In bijna twee eeuwen kan er veel veranderen, maar sommige onderwerpen worden vanzelf opnieuw actueel. Dat blijkt ook uit het boek De Utrechtse student 1945 tot nu, onder redactie van hoogleraar geschiedenis Leen Dorsman, Hylke Faber en Pieter Stolk, dat 5 april verschijnt.
In het eerste hoofdstuk over de geschiedenis van de Universiteit Utrecht valt te lezen dat ontgroeningen in de negentiende eeuw bij het USC niet onomstreden zijn. Het Corps wilde studenten niet alleen ontgroenen, maar hen ook begeleiden en voorbereiden op het volwassen bestaan en ze voorzien van een netwerk waarvan ze later in hun werkzame leven profijt konden hebben. Maar het ontgroenen werd soms als een probleem ervaren. Ook destijds al ging het er geregeld ruw aan toe en stond dit ritueel regelmatig ter discussie.
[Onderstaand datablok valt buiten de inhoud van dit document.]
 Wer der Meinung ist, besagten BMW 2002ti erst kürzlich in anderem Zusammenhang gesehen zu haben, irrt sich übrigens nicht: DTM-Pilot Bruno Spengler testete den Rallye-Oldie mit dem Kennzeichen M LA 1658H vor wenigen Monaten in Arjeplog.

In 1839 bijvoorbeeld pleitte een Utrechtse student:
‘Schaft het groenzijn niet af, zeggen wij, maar verbetert het! Zorgt, dat geene novitii in het bijzijn van burgers en andere oningewijden op de straten of openbare plaatsen beleedigd en mishandeld worden; zorgt, dat er om of door hen geene stoornis op de collegiën voorvalle; verbiedt alle handtastelijkheden of onedele gedragingen jegens hen’.
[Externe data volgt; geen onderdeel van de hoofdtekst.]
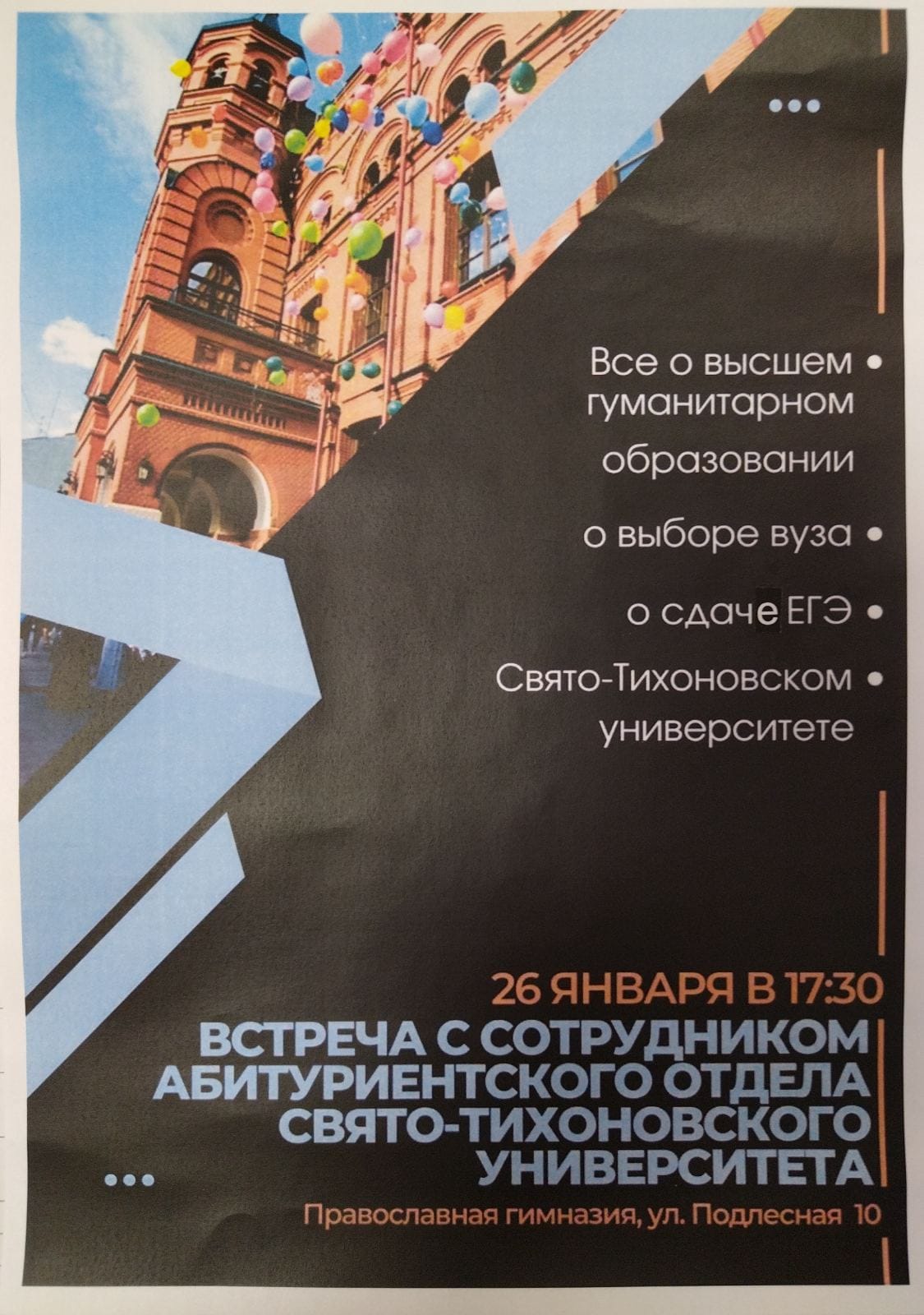 Родителей выпускников приглашают на встречу с представителями Православного Свято-Тихоновского Гуманитарного университета

De Utrechtse student heeft in de zeventiende en achttiende eeuw vooral een reputatie van laller, losbol, profiteur en leegloper. Maar er zijn er ook die geëngageerd zijn en aan liefdadigheid doen: wezen, weduwen, choleraslachtoffers of behoeftige kraamvrouwen, ze mochten allemaal op mededogen van studenten rekenen.
Elite
De geschiedenis van de Utrechtse student is vooral die van de universitaire student. Studeren is drie eeuwen lang alleen weggelegd voor de elite. Na 1945 verandert dat door overheidsbeleid en maatschappelijke ontwikkelingen. De maatschappij krijgt behoefte aan breed gevormde academici. Aan het begin van de jaren zeventig nemen, dankzij de studiebeurs, de studentenaantallen snel toe. De afstand tussen docent en student wordt kleiner en informeler.
Het boek, dat in acht hoofdstukken verschillende aspecten van het Utrechtse studentenleven beschrijft, is uitsluitend een universitaire aangelegenheid. Terwijl er inmiddels 40.000 studenten van de Hogeschool Utrecht in en om De Uithof rondlopen. De reden dat deze studenten niet in het boek voorkomen, is tamelijk plat: de HU wilde niet meebetalen aan het boek en zegde ook geen medewerking toe, aldus een van de auteurs, Hylke Faber. Dat is een omissie: de HU had hiermee de gelegenheid om z’n jonge geschiedenis te schrijven.
Toch is het voor iedereen interessant te lezen hoe de studentenhuishuisvesting zich na de jaren zestig ontwikkelt. Hoe na de hospita de SSH de kamermarkt overneemt en zich ontwikkelt tot een volwaardige woningbouwcorporatie, met campuscontracten en hospiteren. Met de bouw van Johanna is het aantal studenten dat in De Uithof woont gestegen tot 2500. Daarmee is De Uithof een stuk levendiger geworden. Volgens SSH-directeur Ton Jochems kan het complex concurreren met wonen in de binnenstad. Dat is wel eens anders geweest.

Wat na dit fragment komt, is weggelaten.